U.S. Law In The Balance

Posted on Tuesday, April 10 at 08:40 by truepatriot

Widespread ignorance of communitarianism and denial of the existence of an emerging global legal system has allowed every program necessary to achieve full implementation, unhindered by press or public scrutiny. The vast majority of citizens of the United States do not know what it means when their legislatures say they are “balancing” their laws. They never question why there must be a balance between individual rights and community rights. This “news” can be printed on the front page of American newspapers and not an eyebrow will raise. The new American mantra is that rights to privacy and anonymity have to be balanced against the community’s need for greater homeland security, and gee, while they’re at it, they may as well go ahead and protect the environment and provide social equity too.

Our citizens have not been told that open borders, protected land and water, free trade, citizen advisory councils, domestic spying, reaching consensus, public-private partnerships, sustainable development, exporting democratic freedom, and enforcing the global common good is as un-American as buying British merchant’s tea.

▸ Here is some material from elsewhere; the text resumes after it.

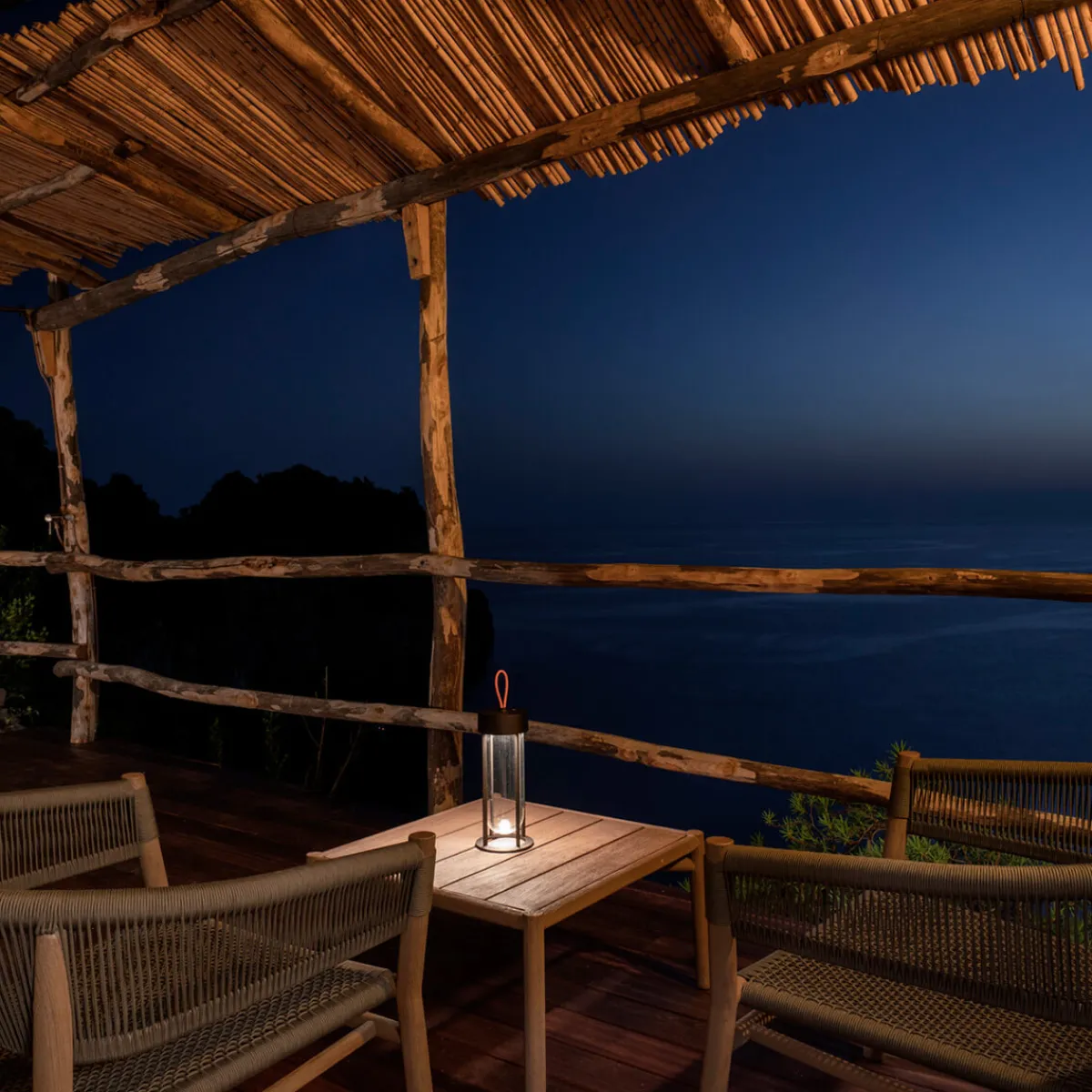 Outdoor-taugliche Akku-Tischlampe mit stilvoller Note

The U.S. National Guard says it protects the “common good” right on TV. It’s a tragedy that our people do not understand either the ideology or the roots for all the important words used to define American laws.

The term homeland was used in the 1930s to describe a position of the Austrian Minister Zernatto who negotiated terms with the Nazis. Today homeland is a Russian political party and is also used to describe all of Russia. In 2002, Republican speechwriter Peggy Noonan wrote, "The name Homeland Security grates on a lot of people, understandably. Homeland isn't really an American word, it's not something we used to say or say now." (answers.com)

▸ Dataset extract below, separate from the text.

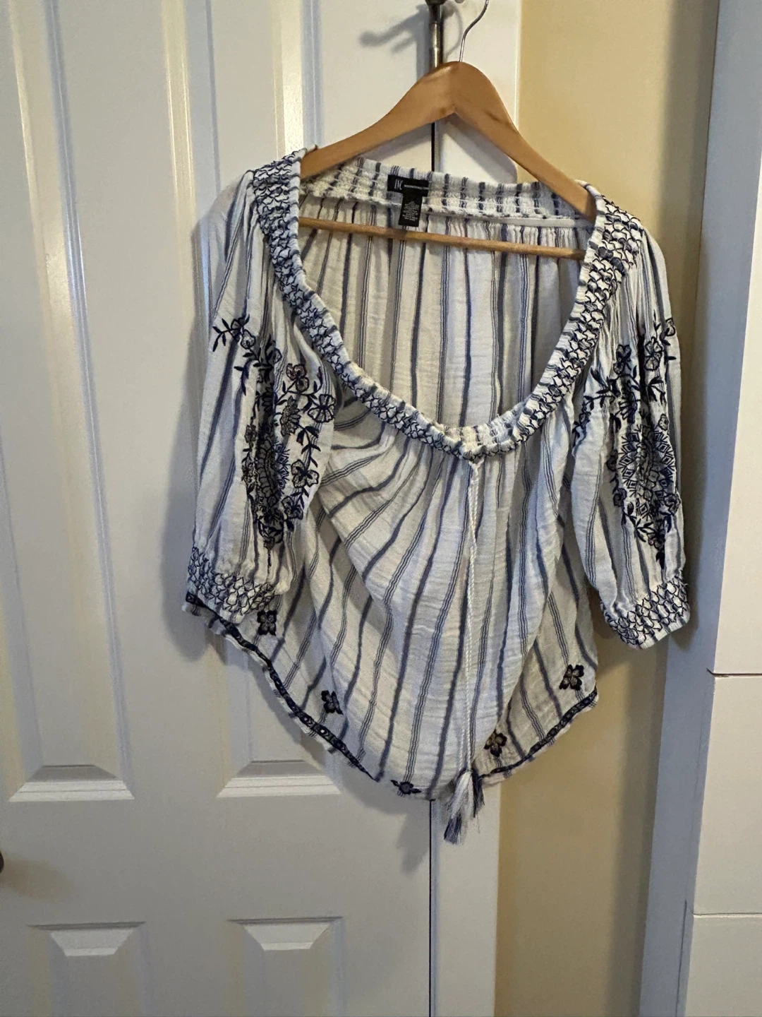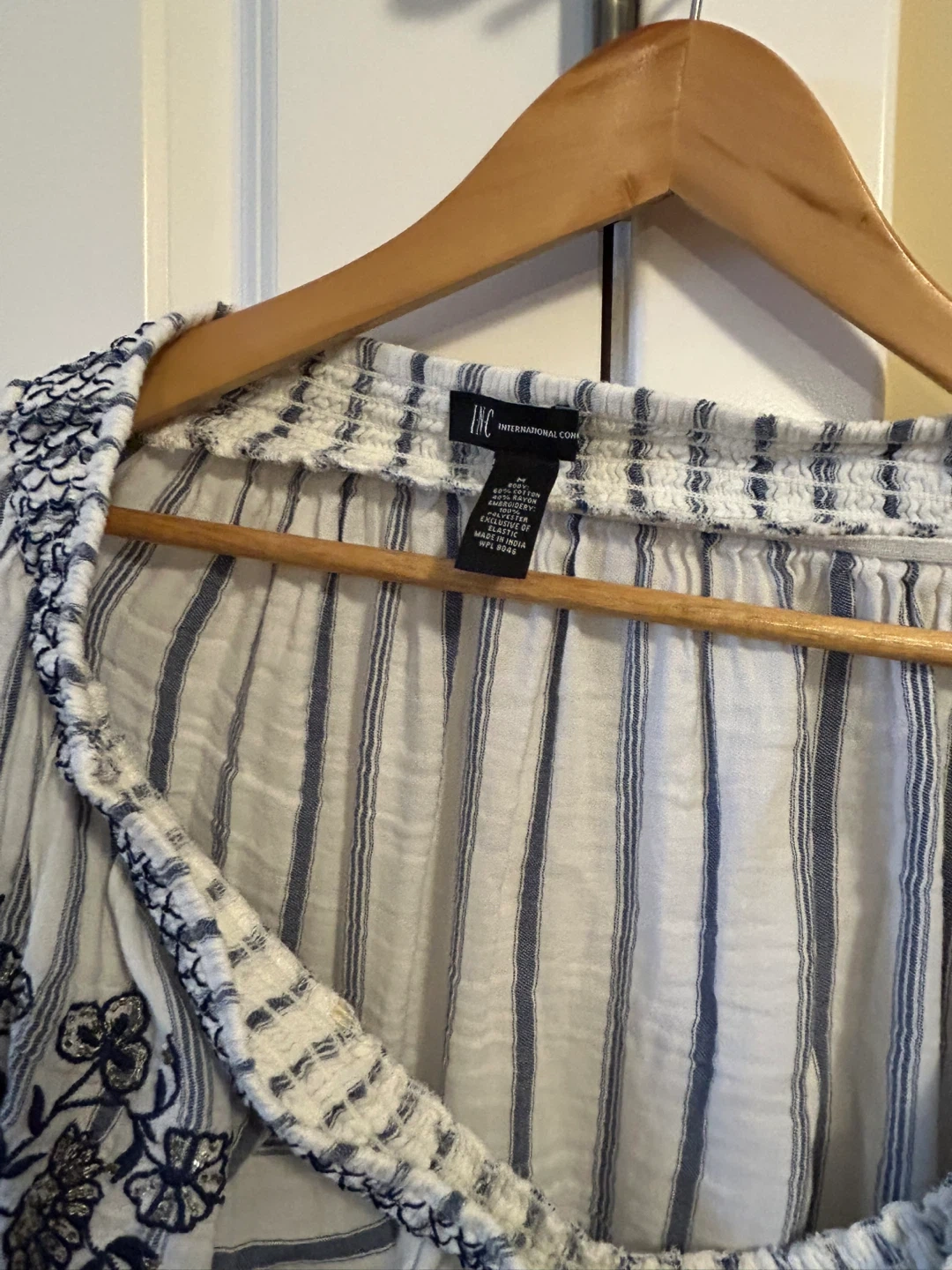 This INC International Concepts top is off-the-shoulder with blue and white stripes. It features intricate blue embroidery with some subtle metallic thread accents. The fabric is lightweight and the neckline is elasticized.

We have a whole war named for Terrorism, and yet we have never been taught the word “terrorist” comes from the Jacobin freemasons who established the usefulness of terror tactics to achieve sweeping political goals in 1789 France. We surely have never been told the term “civil society” originated with the Jacobin’s revolutionary idealists. Would it come as any surprise to hear the term “ideology” also originated in 18th century France?

Our government has described its efforts in Iraq as rebuilding a communitarian system in the Middle East, yet this term never comes up in congressional debates, nor is it part of the anti-war speeches. It’s not even part of the calls for Bush and Cheney’s impeachment. How can so many people be opposed to the current administration’s polices and wars, be so upset over congressional passage of the Patriot Act and the Amnesty idea, be so suspicious of the WTO, and yet not be the slightest bit interested in the actual ideology behind the wars and the laws, let alone the entire concept for global domination over every nation’s marketplace?

How is it possible that educated Americans cannot see there is a recurring theme inherent in all new actions that alter national systems, regardless of whether the changes are violent invasions or are quietly adopted into regulatory law just under the local radar? Maybe they’ve heard it so many times from so many public officials’ lips that they assume it’s a good thing to rebuild a moral community based in shared values. It sounds so lovely, doesn’t it? Anyone opposed would have to be immoral with selfish values, wouldn’t they?